[TASK DETAILS]: Each line below from the "1990年 致萧-德-荣信札一通一页 均附实寄封(提及《绝代天香》著作代理交由马-振-铭先生委托等事宜)HXTX309267" line through the "2022年6月26日,北京大" line, those two included, must be restated word for word; the pictures must not be.

[DATA]:
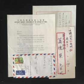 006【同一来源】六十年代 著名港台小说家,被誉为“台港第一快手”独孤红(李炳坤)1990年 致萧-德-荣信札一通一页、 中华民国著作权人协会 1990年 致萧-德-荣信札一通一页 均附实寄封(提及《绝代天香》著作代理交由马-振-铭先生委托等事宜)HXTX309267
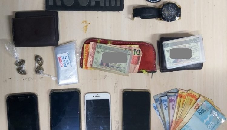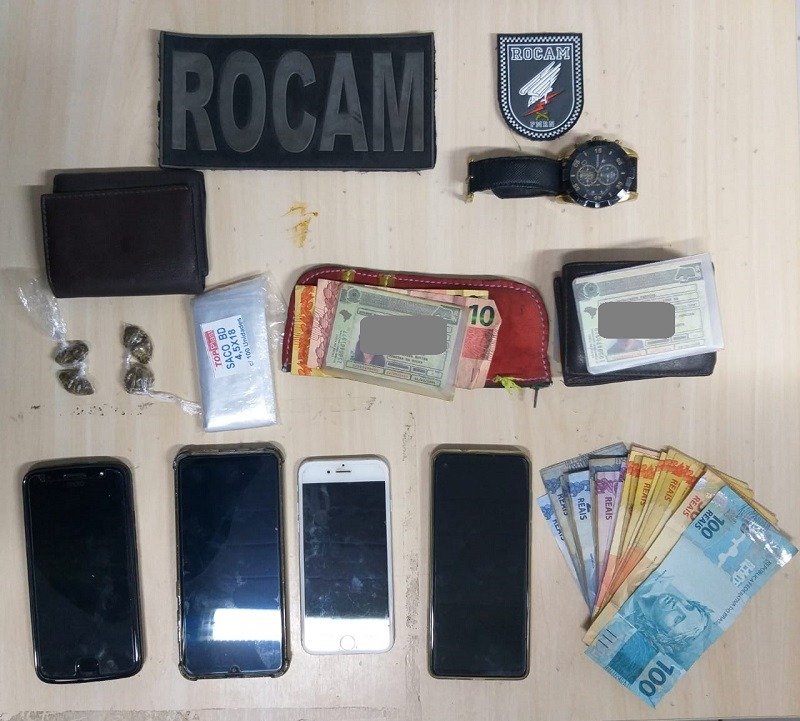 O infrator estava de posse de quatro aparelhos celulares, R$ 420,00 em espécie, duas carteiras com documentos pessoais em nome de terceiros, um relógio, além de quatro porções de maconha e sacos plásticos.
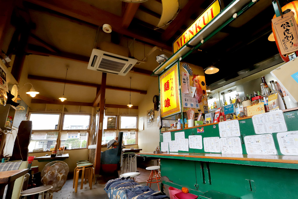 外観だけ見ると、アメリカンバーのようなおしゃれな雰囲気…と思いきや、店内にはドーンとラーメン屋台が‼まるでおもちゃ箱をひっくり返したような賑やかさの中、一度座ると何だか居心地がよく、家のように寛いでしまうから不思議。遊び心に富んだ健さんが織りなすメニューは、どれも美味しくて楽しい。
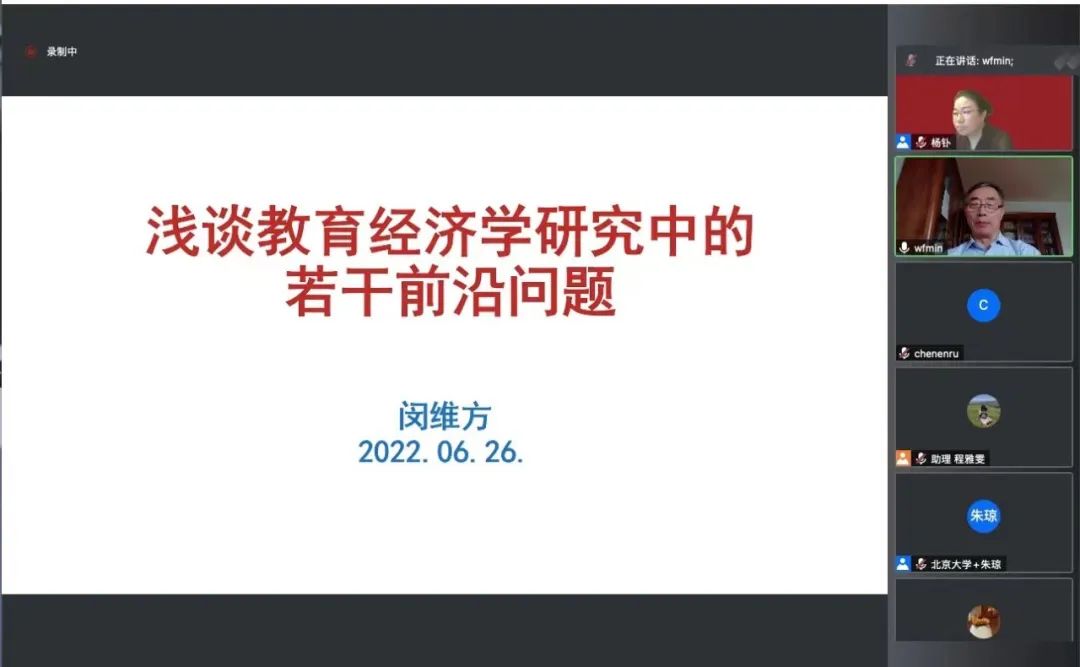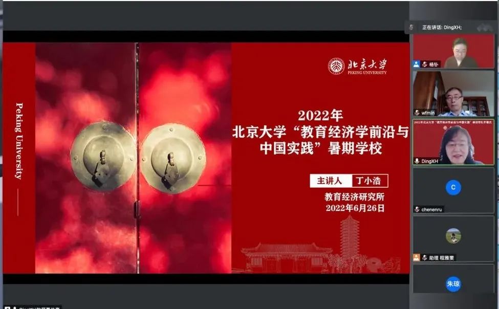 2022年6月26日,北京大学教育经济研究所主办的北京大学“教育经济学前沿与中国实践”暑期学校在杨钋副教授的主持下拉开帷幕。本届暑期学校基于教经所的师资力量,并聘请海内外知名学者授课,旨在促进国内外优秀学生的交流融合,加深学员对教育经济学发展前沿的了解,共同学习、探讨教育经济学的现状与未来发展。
...
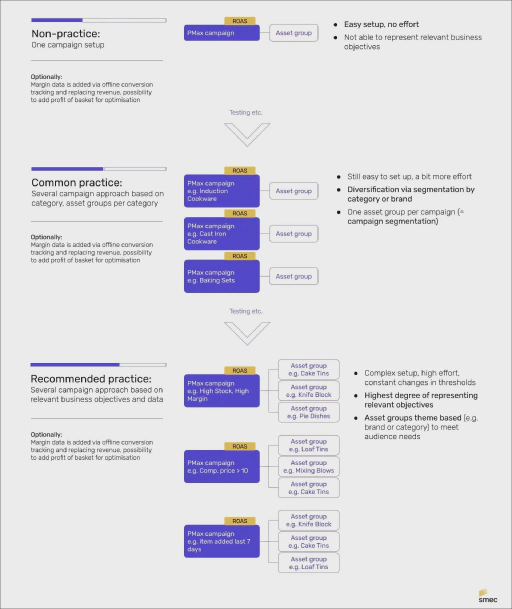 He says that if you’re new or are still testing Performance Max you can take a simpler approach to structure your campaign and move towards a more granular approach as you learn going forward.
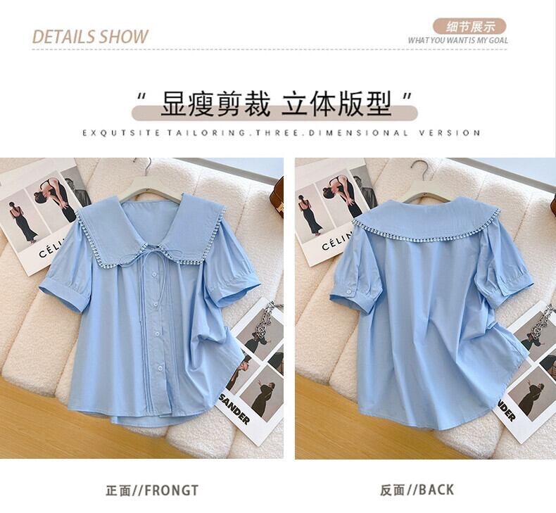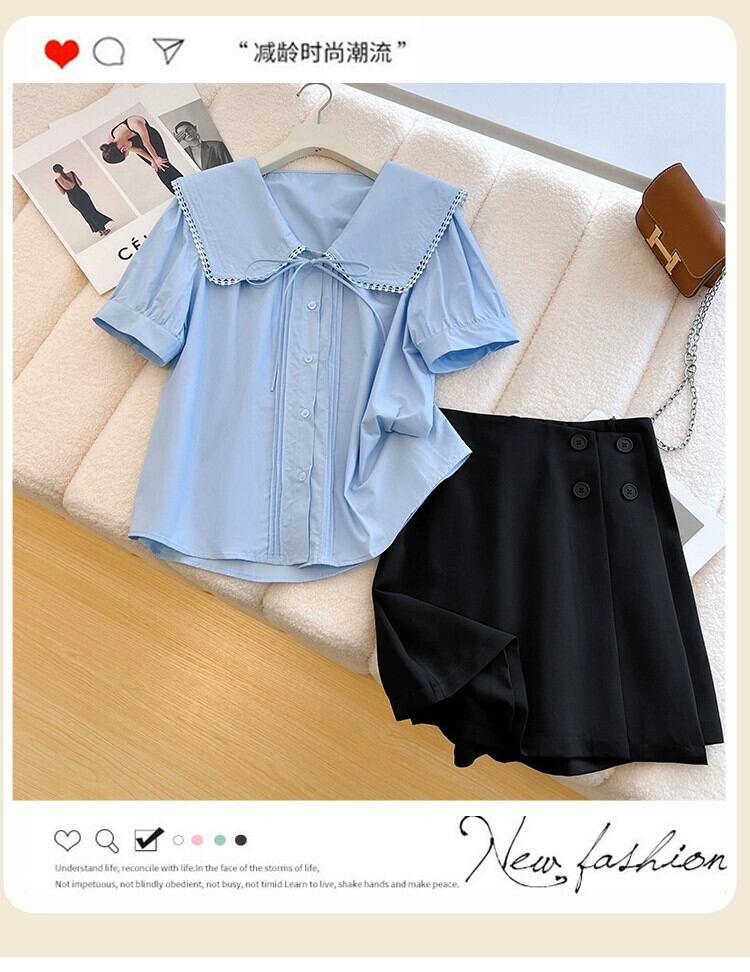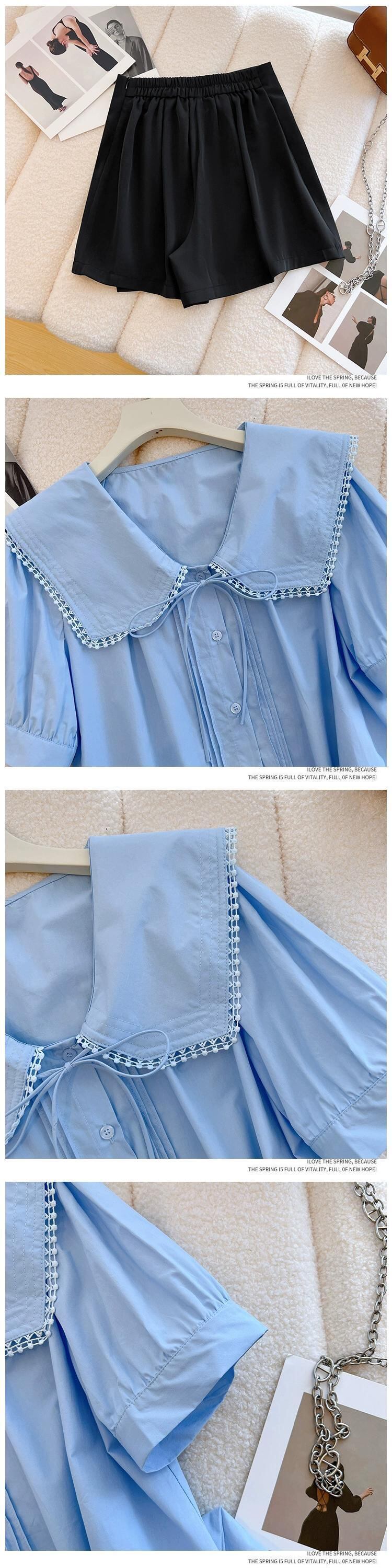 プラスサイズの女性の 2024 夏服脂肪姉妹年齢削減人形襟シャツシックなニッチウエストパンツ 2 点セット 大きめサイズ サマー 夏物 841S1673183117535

[SOLUTION TO THIS TASK]:
 006【同一来源】六十年代 著名港台小说家,被誉为“台港第一快手”独孤红(李炳坤)1990年 致萧-德-荣信札一通一页、 中华民国著作权人协会 1990年 致萧-德-荣信札一通一页 均附实寄封(提及《绝代天香》著作代理交由马-振-铭先生委托等事宜)HXTX309267
 O infrator estava de posse de quatro aparelhos celulares, R$ 420,00 em espécie, duas carteiras com documentos pessoais em nome de terceiros, um relógio, além de quatro porções de maconha e sacos plásticos.
 外観だけ見ると、アメリカンバーのようなおしゃれな雰囲気…と思いきや、店内にはドーンとラーメン屋台が‼まるでおもちゃ箱をひっくり返したような賑やかさの中、一度座ると何だか居心地がよく、家のように寛いでしまうから不思議。遊び心に富んだ健さんが織りなすメニューは、どれも美味しくて楽しい。
 2022年6月26日,北京大学教育经济研究所主办的北京大学“教育经济学前沿与中国实践”暑期学校在杨钋副教授的主持下拉开帷幕。本届暑期学校基于教经所的师资力量,并聘请海内外知名学者授课,旨在促进国内外优秀学生的交流融合,加深学员对教育经济学发展前沿的了解,共同学习、探讨教育经济学的现状与未来发展。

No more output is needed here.